El santuario de Jerusalén era el norte para la brújula espiritual del israelita; pero estaba ligado a una cultura y era un obstáculo para el designio universal de Dios. Si Cristo quería derrocar las barreras entre los hombres, el templo tenía que desaparecer.
En los evangelios sinópticos anuncia Cristo la destrucción del templo (Mt 24,2 y parals.). Sus palabras, deformadas, sirvieron de base a la acusación ante el sumo sacerdote (Mt 26,61 y parals.). En el Evangelio de Juan declara Jesús que el nuevo templo es él mismo: "Destruid este templo y en tres días lo levantaré... Pero el templo de que hablaba era su cuerpo" (Jn 2,19.21). En adelante, el lugar del encuentro con Dios será la persona de Cristo, el nuevo templo no circunscrito a un recinto material.
La samaritana quiso saber la opinión del profeta judío sobre la antigua controversia acerca del culto en el monte Garizim o en Jerusalén.
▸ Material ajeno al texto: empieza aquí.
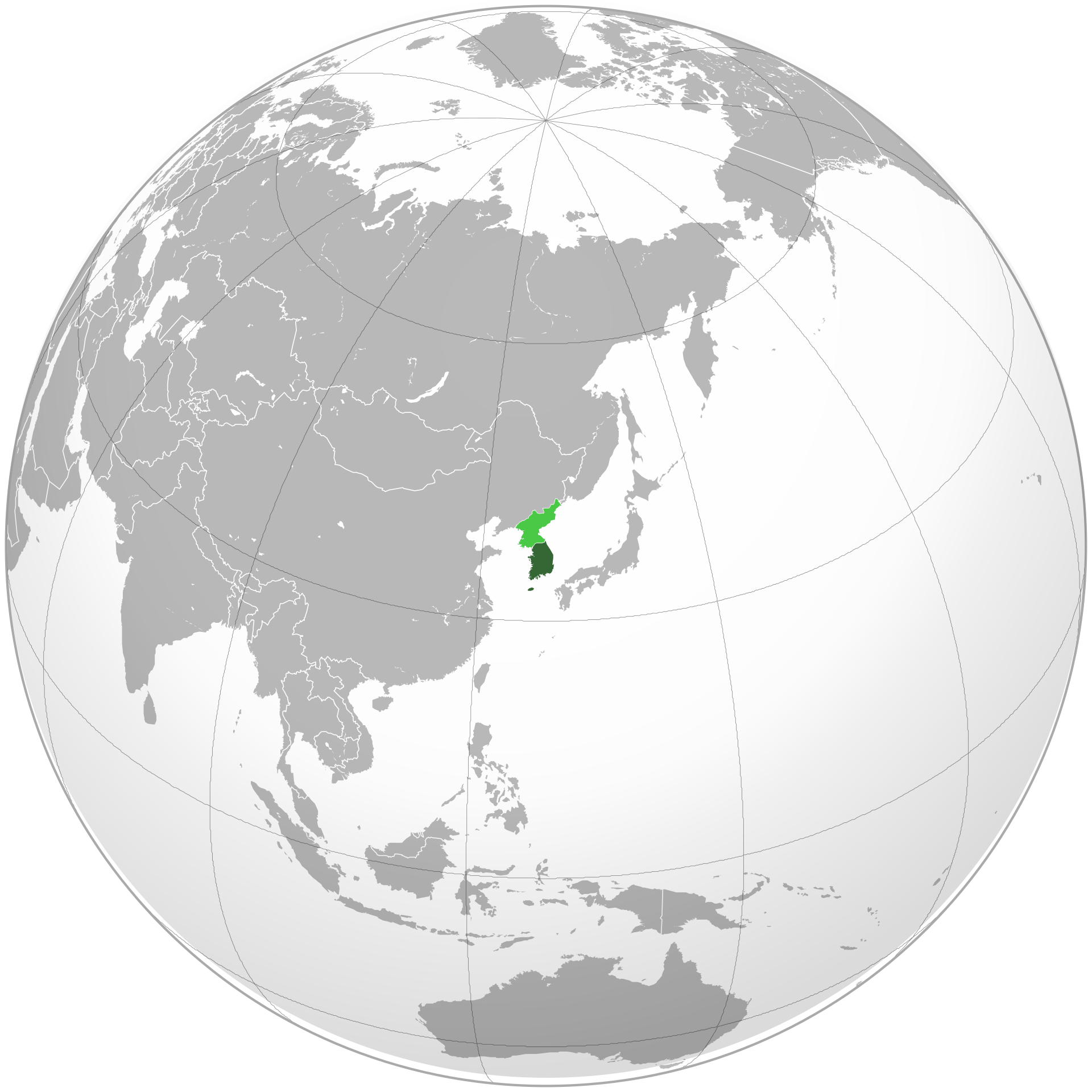 Above: World globe showing the location of South Korea. Image c/o Wikipedia

Jesús le responde que ha pasado la época de los templos, "ni en este monte ni en Jerusalén"; única condición para dar culto a Dios será la sinceridad de espíritu, "ésa es la adoración que el Padre desea" (Jn 4,21.23).
La desaparición del espacio sagrado está poderosamente expresada por el rasgarse de la cortina que ocultaba el "santísimo" o capilla interior del templo, en el momento de la muerte de Cristo. "Se rasgó en dos de arriba abajo" (Mt 27,51), la presencia de Dios se abre al mundo, no se limita a un espacio.